Provided material section start
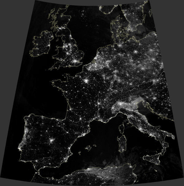 Az éjszakai kép február 26-áról származik, a Suomi NPP műhold VIIRS (Visible Infrared Imaging Radiometer Suite) műszerével készítették. Feltűnőek a nagyvárosok, a néhol a településeket összekötő úthálózat elemei is kivehetők. A legfényesebb éjszakai „látványosságok” Madrid, London, Párizs és Berlin – mind nagy európai fővárosok. Számos helyen, így Közép-Európában és Olaszország északi részén, a Pó völgyében a diffúz és a vártnál fényesebb foltok az alulról megvilágított vékony felhőzet és ködösség miatt látszanak a képen.
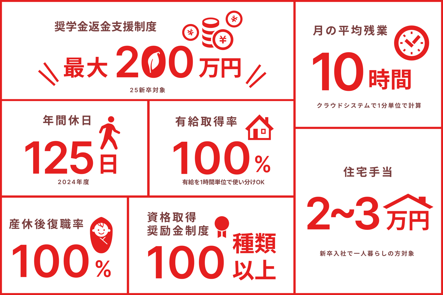 その他にも、・財形貯蓄制度や持株会制度・年次有給休暇の一人当たりの取得日数平均が13日/年(2023年度実績)・女性の育児休業取得率100%(2023年度実績)
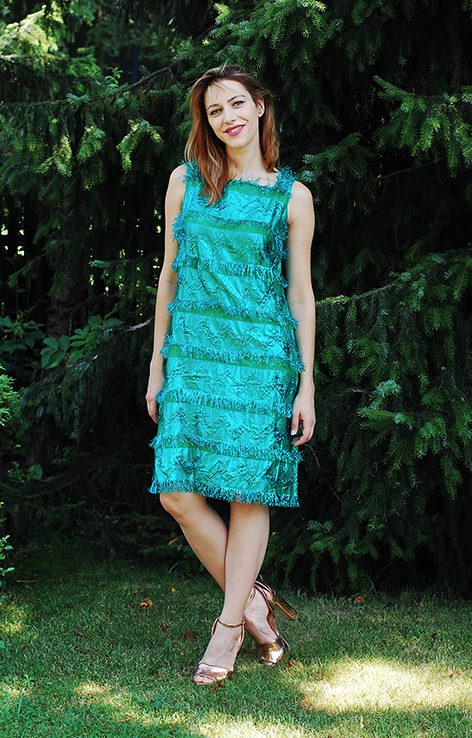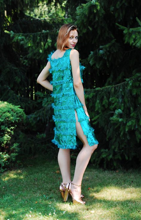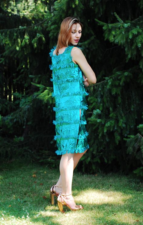 Sylwestrowa błyszcząca sukienka lata 90.
Provided material section end
> _Brief_: Please write out all of the data verbatim, with no pictures in the copy.

> _Exercise result_:
 Az éjszakai kép február 26-áról származik, a Suomi NPP műhold VIIRS (Visible Infrared Imaging Radiometer Suite) műszerével készítették. Feltűnőek a nagyvárosok, a néhol a településeket összekötő úthálózat elemei is kivehetők. A legfényesebb éjszakai „látványosságok” Madrid, London, Párizs és Berlin – mind nagy európai fővárosok. Számos helyen, így Közép-Európában és Olaszország északi részén, a Pó völgyében a diffúz és a vártnál fényesebb foltok az alulról megvilágított vékony felhőzet és ködösség miatt látszanak a képen.
 その他にも、・財形貯蓄制度や持株会制度・年次有給休暇の一人当たりの取得日数平均が13日/年(2023年度実績)・女性の育児休業取得率100%(2023年度実績)
 Sylwestrowa błyszcząca sukienka lata 90.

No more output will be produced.